> **Task objective**: An exact, complete copy of the entries below is required, minus any pictures.

Segment Start: Available data

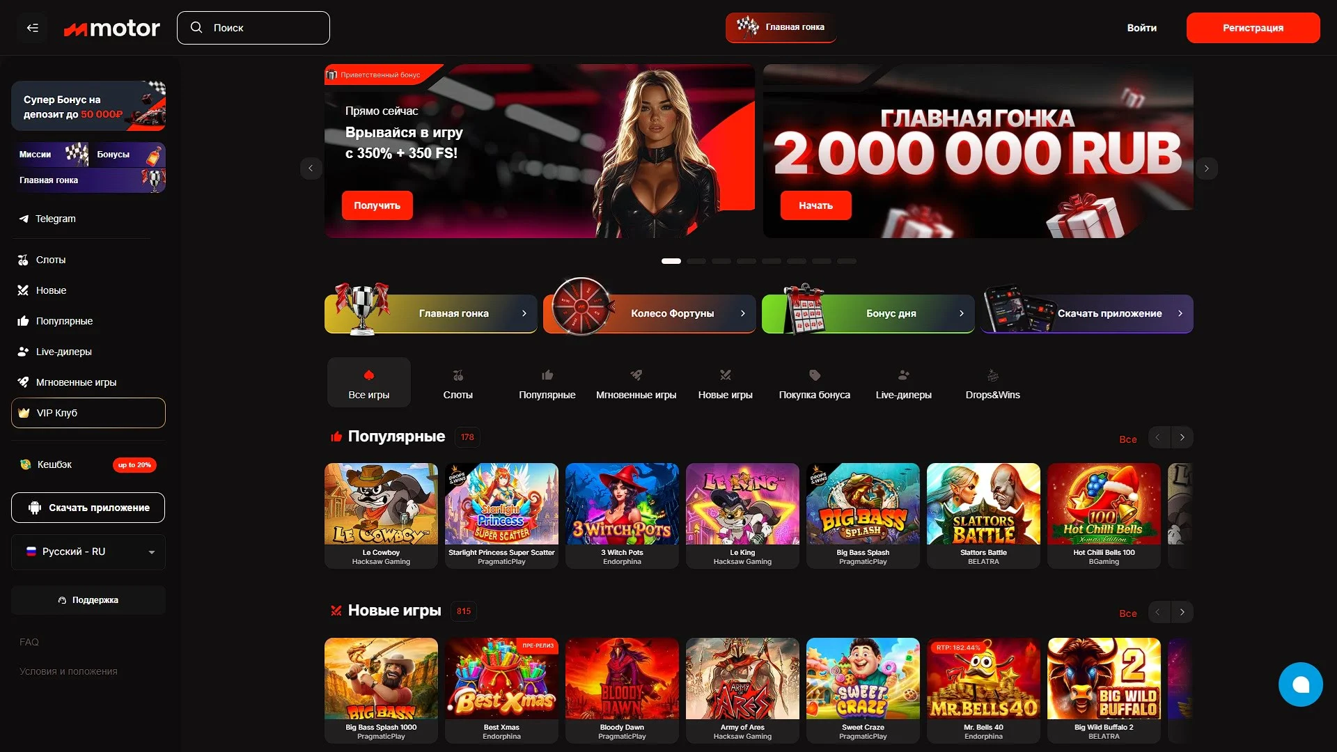 Motor Casino: пакет приветственных бонусов до 350% + 350 FS на серию депозитов, кэшбэк до 20% и 6000+ слотов с live-дилерами и мини-играми в каталоге.
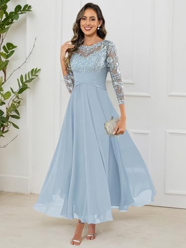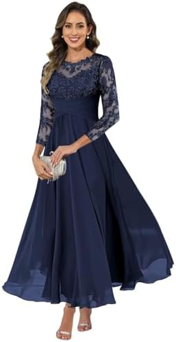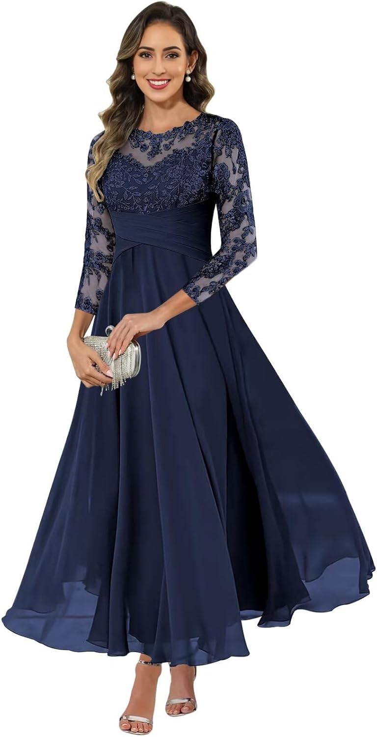 - Feature Detail: Mother of The Bride Dresses for Wedding.Chiffon and lace material,A line,Scoop neck,3/4 Sleeve Sleeve,Tea length,Zipper Back,Built-in-Bra
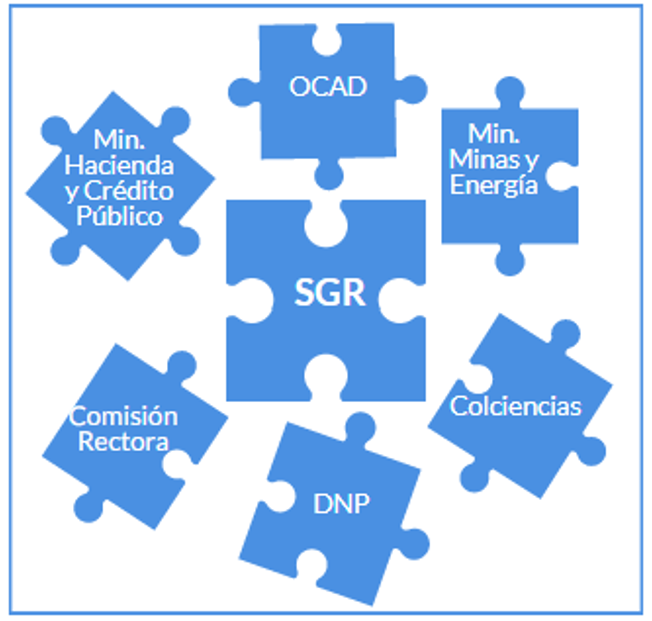 El SGR está conformado por la Comisión Rectora, el Departamento Nacional de Planeación, los ministerios de Hacienda y Crédito Público, y de Minas y Energía; así como sus entidades adscritas y vinculadas que cumplan funciones en el ciclo de las regalías; el Departamento Administrativo de Ciencia, Tecnología e Innovación (Colciencias), y los Órganos Colegiados de Administración y Decisión (OCAD).
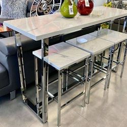 High Table Set 3 Stools New Marble Design 4 Pcs Set Dining in box $399$399Fort Lauderdale, FL
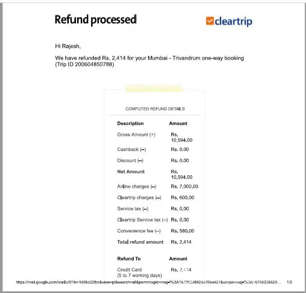 I had booked a flight ticket from Cleartrip on June 5th, 2020. Ticket has confirmed for 11th June and that was for an Indigo flight. After 2 days i received an email from Indigo stated that the booked flight had been cancelled due to COVID-19 situation. After received this cancellation confirmation from Indigo, i have cancelled my booked tickets. During the cancellation of ticket, Cleartrip has mentioned that full refund will be provided as this is cancelled from Airline end. After few days i received an email from Cleartrip regarding the refund amount. I paid an amount of RS 10594 but they refunded only RS 2414. I don't understand the reason for the deduction of remaining amount. Flight had cancelled from Airline end and we did not travel. How they can justify the deduction of RS 8180. I need a full refund amount as this is not a mistake from our end. Kindly intervene and do the needful asap.
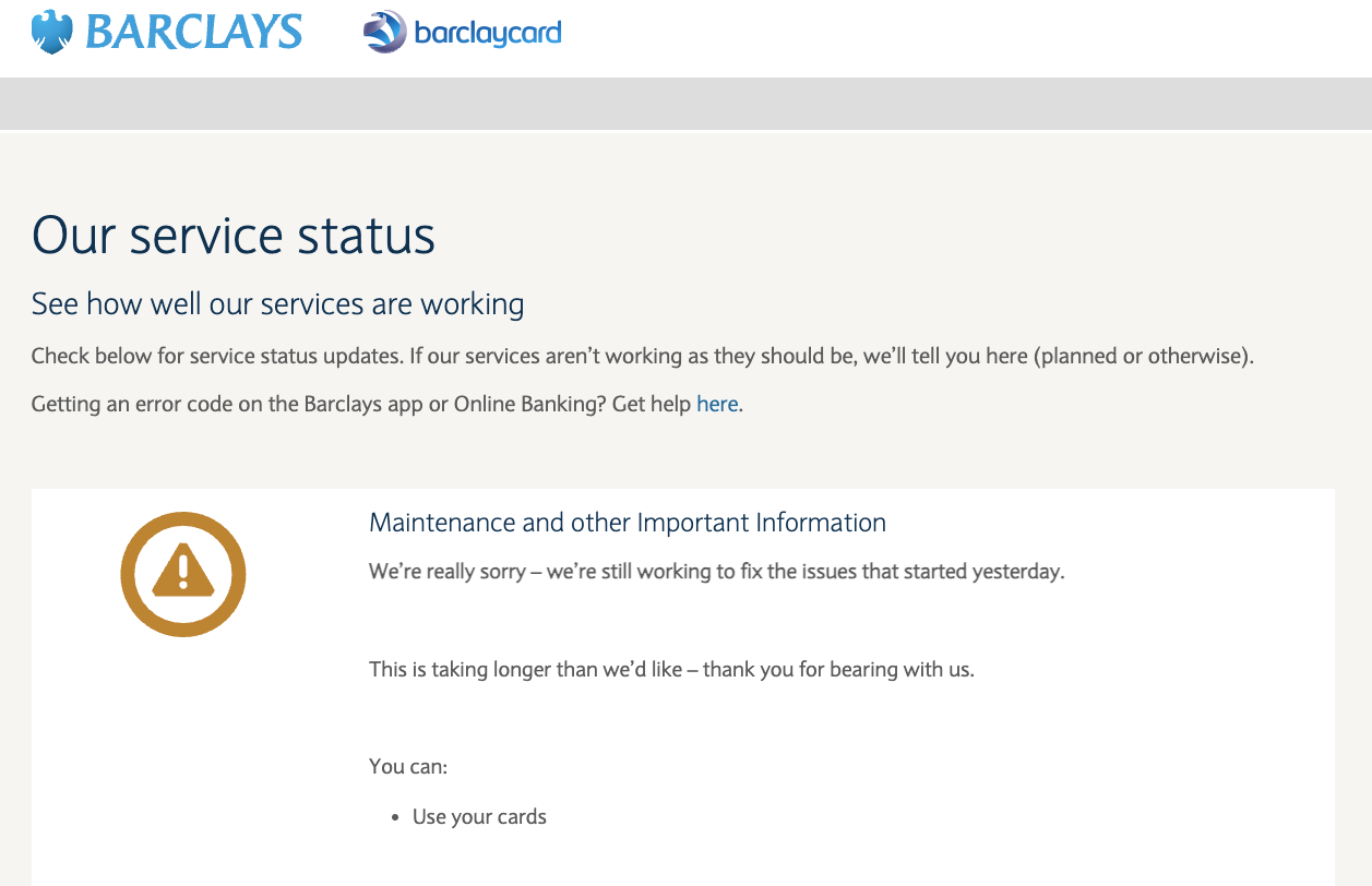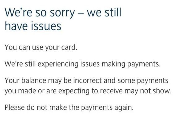截至北京时间周日凌晨,巴克莱银行的官网依然显示:很抱歉,仍在修复前一天发生的系统问题。

Segment End: Available data

> **Answer below**:
 Motor Casino: пакет приветственных бонусов до 350% + 350 FS на серию депозитов, кэшбэк до 20% и 6000+ слотов с live-дилерами и мини-играми в каталоге.
 - Feature Detail: Mother of The Bride Dresses for Wedding.Chiffon and lace material,A line,Scoop neck,3/4 Sleeve Sleeve,Tea length,Zipper Back,Built-in-Bra
 El SGR está conformado por la Comisión Rectora, el Departamento Nacional de Planeación, los ministerios de Hacienda y Crédito Público, y de Minas y Energía; así como sus entidades adscritas y vinculadas que cumplan funciones en el ciclo de las regalías; el Departamento Administrativo de Ciencia, Tecnología e Innovación (Colciencias), y los Órganos Colegiados de Administración y Decisión (OCAD).
 High Table Set 3 Stools New Marble Design 4 Pcs Set Dining in box $399$399Fort Lauderdale, FL
 I had booked a flight ticket from Cleartrip on June 5th, 2020. Ticket has confirmed for 11th June and that was for an Indigo flight. After 2 days i received an email from Indigo stated that the booked flight had been cancelled due to COVID-19 situation. After received this cancellation confirmation from Indigo, i have cancelled my booked tickets. During the cancellation of ticket, Cleartrip has mentioned that full refund will be provided as this is cancelled from Airline end. After few days i received an email from Cleartrip regarding the refund amount. I paid an amount of RS 10594 but they refunded only RS 2414. I don't understand the reason for the deduction of remaining amount. Flight had cancelled from Airline end and we did not travel. How they can justify the deduction of RS 8180. I need a full refund amount as this is not a mistake from our end. Kindly intervene and do the needful asap.
截至北京时间周日凌晨,巴克莱银行的官网依然显示:很抱歉,仍在修复前一天发生的系统问题。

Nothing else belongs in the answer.